Special Considerations

Help the patient perform his daily activities. Try to strike a balance between promoting independence and ensuring his safety. Encourage him to walk with assistance. Make sure personal care articles are within easy reach, and provide an obstacle-free course from his bed to the bathroom.

If the patient has sensory deficits, protect him from injury from heat, cold, or pressure. Test his bath water, and reposition him frequently, ensuring a soft, smooth bed surface. Keep his skin clean and dry to prevent breakdown. Perform or encourage range-of-motion exercises. Also, encourage a balanced diet with plenty of protein and adequate hydration.

Patient Counseling

Teach skills that can help with independence in daily life. Discuss safety measures, including walking with assistance.

Pediatric Pointers

Hypoactive DTRs commonly occur in patients with muscular dystrophy, Friedreich’s ataxia, syringomyelia, and spinal cord injury.
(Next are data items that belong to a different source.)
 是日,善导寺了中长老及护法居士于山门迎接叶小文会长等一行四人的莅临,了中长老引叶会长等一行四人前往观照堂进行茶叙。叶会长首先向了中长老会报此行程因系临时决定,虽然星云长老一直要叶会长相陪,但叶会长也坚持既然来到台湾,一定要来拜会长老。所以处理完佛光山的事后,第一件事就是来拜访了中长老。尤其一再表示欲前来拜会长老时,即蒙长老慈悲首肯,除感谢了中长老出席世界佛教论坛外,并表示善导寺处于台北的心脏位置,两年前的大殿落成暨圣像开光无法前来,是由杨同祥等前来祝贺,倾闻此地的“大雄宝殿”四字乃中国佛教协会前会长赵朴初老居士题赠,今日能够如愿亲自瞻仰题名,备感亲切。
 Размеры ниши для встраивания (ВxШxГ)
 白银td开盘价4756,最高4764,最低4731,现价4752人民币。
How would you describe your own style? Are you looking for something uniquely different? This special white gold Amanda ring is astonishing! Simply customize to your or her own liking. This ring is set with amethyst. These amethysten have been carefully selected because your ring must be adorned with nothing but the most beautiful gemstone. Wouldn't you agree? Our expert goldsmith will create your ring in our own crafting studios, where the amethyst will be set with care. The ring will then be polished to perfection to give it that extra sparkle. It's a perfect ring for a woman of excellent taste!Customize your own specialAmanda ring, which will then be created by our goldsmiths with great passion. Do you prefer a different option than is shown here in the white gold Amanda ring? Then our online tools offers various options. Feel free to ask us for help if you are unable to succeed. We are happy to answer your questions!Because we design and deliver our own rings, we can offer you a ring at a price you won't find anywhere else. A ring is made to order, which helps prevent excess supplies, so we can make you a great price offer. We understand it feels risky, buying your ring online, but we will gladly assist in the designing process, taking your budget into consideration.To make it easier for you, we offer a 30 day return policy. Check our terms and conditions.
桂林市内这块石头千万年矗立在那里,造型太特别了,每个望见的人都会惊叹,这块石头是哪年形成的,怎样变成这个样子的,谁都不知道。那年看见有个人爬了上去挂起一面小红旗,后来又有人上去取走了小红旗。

They also accompany progressive muscular atrophy, which affects preschoolers and adolescents.

Use distraction techniques to test DTRs; assess motor function by watching the infant or child at play.

REFERENCES

Born-Frontsberg, E., Reincke, M., Rump, L. C., Hahner, S., Diederich, S., Lorenz, R., … Quinkler, M.; Participants of the German Conn’s Registry. (2009). Cardiovascular and cerebrovascular comorbidities of hypokalemic and normokalemic primary aldosteronism: Results of the German Conn’s Registry. Journal of Clinical Endocrinology and Metabolism, 94(4), 1125–1130.

Krantz, M. J., Martin, J., Stimmel, B., Mehta, D., & Haigney, M. C. (2009). QTc interval screening in methadone treatment. Annals of Internal Medicine, 150, 387–395.

Depression

Depression is a mood disturbance characterized by feelings of sadness, despair, and loss of interest or pleasure in activities. These feelings may be accompanied by somatic complaints, such as changes in appetite, sleep disturbances, restlessness or lethargy, and decreased concentration. Thoughts of injuring one’s self, death, or suicide may also occur.
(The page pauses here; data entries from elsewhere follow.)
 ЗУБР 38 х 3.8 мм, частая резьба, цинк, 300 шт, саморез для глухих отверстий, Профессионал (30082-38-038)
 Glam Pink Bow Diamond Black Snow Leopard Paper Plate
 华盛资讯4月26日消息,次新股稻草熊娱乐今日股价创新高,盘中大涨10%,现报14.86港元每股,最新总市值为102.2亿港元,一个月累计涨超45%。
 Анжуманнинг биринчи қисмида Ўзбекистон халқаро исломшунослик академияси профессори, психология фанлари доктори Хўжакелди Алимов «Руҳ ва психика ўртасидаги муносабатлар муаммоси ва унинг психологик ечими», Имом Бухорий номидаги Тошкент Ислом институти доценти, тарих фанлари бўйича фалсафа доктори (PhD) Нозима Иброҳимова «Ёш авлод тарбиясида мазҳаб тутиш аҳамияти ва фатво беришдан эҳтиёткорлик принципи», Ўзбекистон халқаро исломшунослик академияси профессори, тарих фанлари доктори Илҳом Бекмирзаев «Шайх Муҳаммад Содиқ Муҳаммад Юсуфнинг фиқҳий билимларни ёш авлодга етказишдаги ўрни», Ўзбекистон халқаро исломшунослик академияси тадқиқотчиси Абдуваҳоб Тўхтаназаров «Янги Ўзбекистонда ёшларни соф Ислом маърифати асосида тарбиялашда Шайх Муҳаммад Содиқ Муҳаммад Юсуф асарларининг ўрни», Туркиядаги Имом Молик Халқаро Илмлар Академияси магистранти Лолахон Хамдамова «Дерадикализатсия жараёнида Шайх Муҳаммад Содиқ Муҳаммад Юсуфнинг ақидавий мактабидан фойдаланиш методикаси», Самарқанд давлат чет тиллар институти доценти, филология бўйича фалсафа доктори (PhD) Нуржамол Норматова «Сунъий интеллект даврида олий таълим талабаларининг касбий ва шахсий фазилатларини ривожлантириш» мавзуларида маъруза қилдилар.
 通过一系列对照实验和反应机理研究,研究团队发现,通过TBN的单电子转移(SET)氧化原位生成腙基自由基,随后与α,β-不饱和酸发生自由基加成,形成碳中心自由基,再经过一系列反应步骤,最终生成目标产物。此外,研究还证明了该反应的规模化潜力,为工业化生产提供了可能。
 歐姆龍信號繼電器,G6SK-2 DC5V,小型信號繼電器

Clinical depression must be distinguished from “the blues,” periodic bouts of dysphoria that are less persistent and severe than the clinical disorder. The criterion for major depression is one or more episodes of depressed mood, or decreased interest or the ability to take pleasure in all or most activities, lasting at least 2 weeks.
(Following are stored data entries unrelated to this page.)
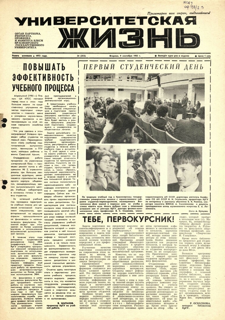 Университетская жизнь : газета/ Красноярский государственный университет. - Красноярск : КрасГУ, 1972 - - 2006 1985г. N 24 (353) (9 сентября) Полный текст ( 7.3 Мб; PDF). Ресурс свободного доступа
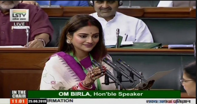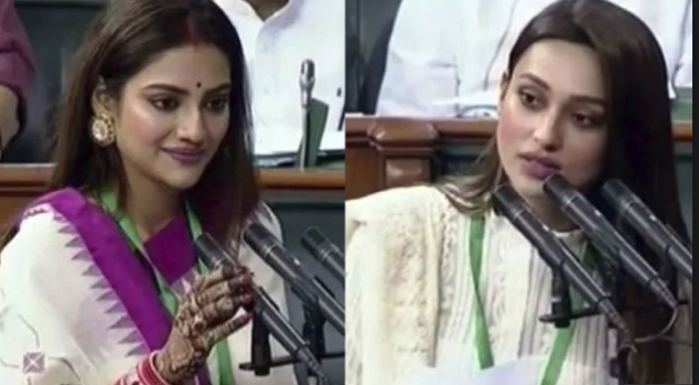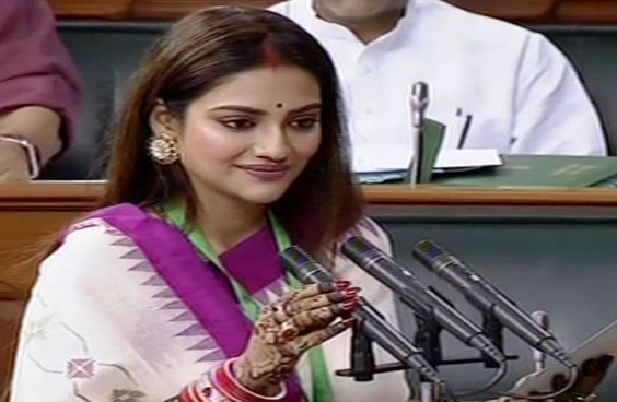अपनी इस ग्रांड शादी के बाद हाल ही में नूसरत भारत लौटी।और यहां आते ही उन्होनें संसद में शपथ ली।इस दौरान मंगलवार को नुसरत पहली बार सांसद पद की शपथ लेने पहुंची थी। इस दौरान जब शपथ लेने के लिए नुसरत गईं तो उनकी चर्चा हर तरफ होने लगी। नुसरत सुहाग की चूड़ियां, मांग में सिंदूर और माथे पर बिंदी के साथ नुसरत इंडियन वुमन के अवतार में संसद पहुंची। इस मौके की तस्वीरें और वीडियो सोशल मीडिया पर खूब वायरल हो रही है। नुसरत इस मौके पर बेहद खूबसूरत नजर आई।
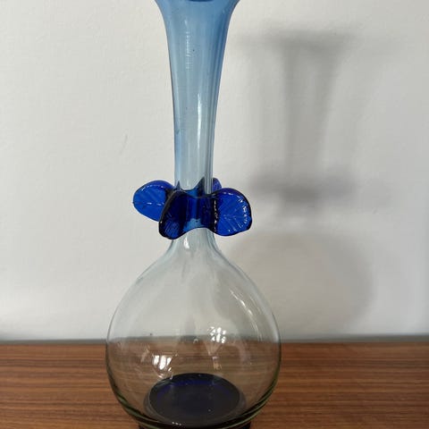 Smukt Italiensk design "large size" opalvase med en højde på cirka 23 cm (inklusive stopper) og en diameter på cirka 10 cm, håndlavet af mesteren glasblæseren A. Ballarin i Murano (Venedig). Vasens underside er håndsigneret af mesteren A. Ballarin og leveres med et ægthedscertifikat.

Major depression affects approximately 20.9 million (9.5%) Americans in a given year. Approximately 12 million women (12%), 6 million men (7%), and 3 million adolescents (4%) experience depression each year. It affects all racial, ethnic, and socioeconomic groups, and it is twice as common in women as in men. It is the leading cause of disability of women and men of all ages in the United States and worldwide. Depression has numerous causes, including genetic and family history, medical and psychiatric disorders, and the use of certain drugs. It can also occur in the postpartum period. A complete psychiatric and physical examination should be conducted to exclude possible medical causes.

History and Physical Examination

During the examination, determine how the patient feels about herself, her family, and her environment. Your goal is to explore the nature of her depression, the extent to which other factors affect it, and her coping mechanisms and their effectiveness. Begin by asking what’s bothering her. How does her current mood differ from her usual mood? Then, ask her to describe the way she feels about herself. What are her plans and dreams? How realistic are they? Is she generally satisfied with what she has accomplished in her work, relationships, and other interests? Ask about changes in her social interactions, sleep patterns, appetite, normal activities, or ability to make decisions and concentrate. Determine patterns of drug and alcohol use. Listen for clues that she may be suicidal. (See Suicide: Caring for the High-Risk Patient.)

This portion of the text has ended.